Ключевые слова: архимандрит Софроний (Сахаров), мистика, мистическое богословие, испанская мистика, исихазм
Актуальность настоящего исследования определяется включением его предмета (свойства христианского мистического богословия) в контекст экуменического диалога, сохраняющего свою значимость для укрепления и развития межконфессиональных отношений. В качестве цели исследования автор ставит обнаружение параллелей и точек соприкосновения между западной и восточной мистическими традициями. Основными методами исследования избраны компаративный анализ и контент-анализ.
Одна из трудностей исследования состоит в том, что общим местом в церковной литературе (не только научного, но и просветительского и публицистического содержания) является "априорное", не предполагающее аналитического подхода, противопоставление или, напротив, сопоставление, в зависимости от идеологических предпочтений автора, православной
и западно-христианской мистических традиций. Оппоненты сторонников «экзальтированной» западной мистики, как правило, ссылаются на творения и эпистолярное наследие святителя Игнатия (Брянчанинова), который резко критически высказывался в отношении аскетического и мистического наследия Католической Церкви. Он прямо называет это наследие следствием состояния прелести, «мнения» (т. е. того, что «мнится»). Для понимания глубины противоречий стоит привести пространную цитату из труда святителя «О прелести», посвященного знаменитому сочинению монаха-августинианца Фомы Кемпийского «О подражании Христу»:
«Оно дышит утонченным сладострастием и высокоумием, которые в людях ослепленных и преисполненных страстями производят наслаждение, признаваемое ими вкушением Божественной благодати. ...Они не понимают, что, обоняв утонченную воню живущих в себе страстей, они наслаждаются ею, признают ее в слепоте своей вонею благодати! Они не понимают, что к духовному наслаждению способны одни святые, что духовному наслаждению должно предшествовать покаяние и очищение от страстей, что грешник не способен к духовному наслаждению, что он должен сознавать себя недостойным наслаждения, отвергать его, если оно начнет приходить к нему, отвергать как несвойственное себе, как явное и пагубное самообольщение, как утонченное движение тщеславия, высо-коумия и сладострастия» [2].

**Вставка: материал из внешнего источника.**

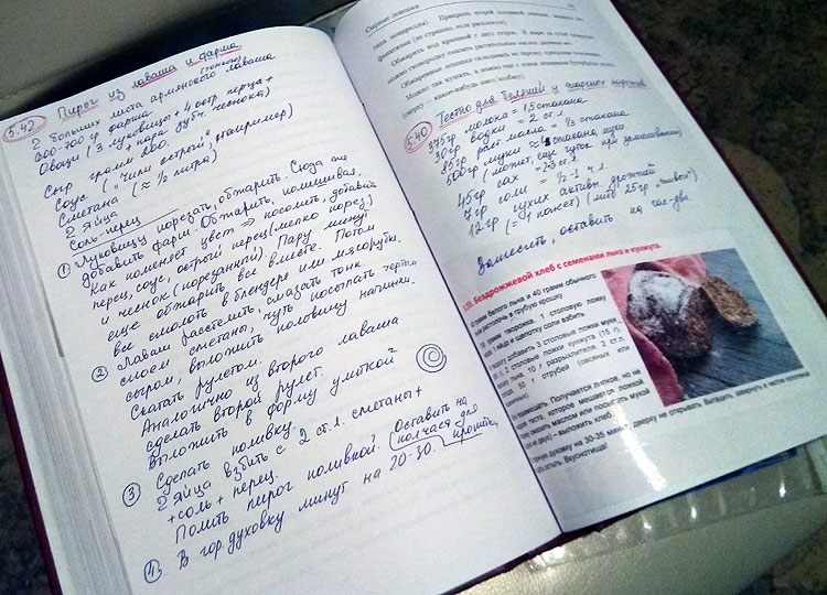 Во-вторых, добавились новые рецепты. Некоторые я вписываю в книгу от руки. Некоторые вклеиваю распечатанные.
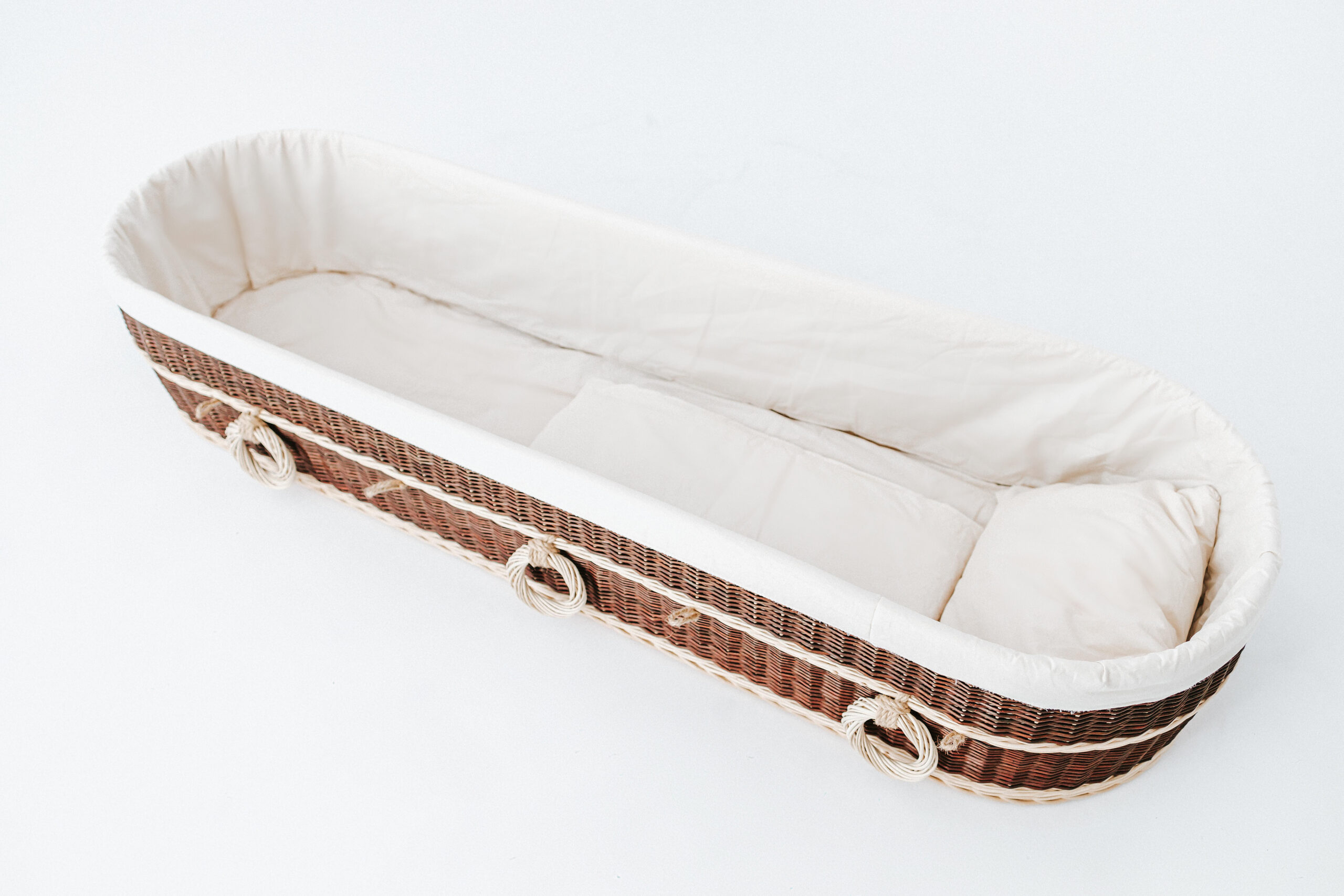 De Rieten uitvaartmand sereen symboliseert rust, eenvoud en de natuurlijke terugkeer naar de aarde.

Не подвергая сомнению авторитет автора, все же позволим себе обратить внимание на контекст: святитель Игнатий в этом сочинении высказывает настороженное отношение к мистическому опыту как таковому. В своей строгости он доходит до требования опираться в духовных и душевных переживаниях даже не на святоотеческую традицию, но только на Евангелие: «Ощутишь ли в сердце какое благое влечение? Остановись; не дерзай увлечься им. Справься с Евангелием» [2]. Несмотря на обилие примеров из классической аскетической литературы (святой Игнатий ссылается и на «Лествицу», и на преподобного Кассиана Римлянина, и на других подвижников), автор использует цитаты и пересказы из нее в качестве иллюстративного материала, а не «руководства к действию». Можно с осторожностью предположить, что святитель предостерег бы своего современника и от чтения творений преподобного Симеона Нового Богослова. Неподготовленный читатель, не имеющий должного духовного руководства, имел риск получить серьезное духовное (а то и психическое) повреждение при знакомстве, например, с таким фрагментом:
«Имеющий внутри себя свет Всесвятого Духа, не вынося видеть его, падает ниц на землю, кричит и вопиет в изумлении и великом страхе, как видящий и претерпевающий действие, которое выше естества, выше слова, выше мысли. Он становится подобен человеку, у которого все внутри
по какой-то причине зажглось огнем: попаляемый им и будучи не в силах вынести жжение пламени, он делается словно исступленный. Совершенно не имея силы совладать с собой, орошаемый непрестанно слезами и ими освежаемый, он еще сильнее разжигает огонь любви» [6].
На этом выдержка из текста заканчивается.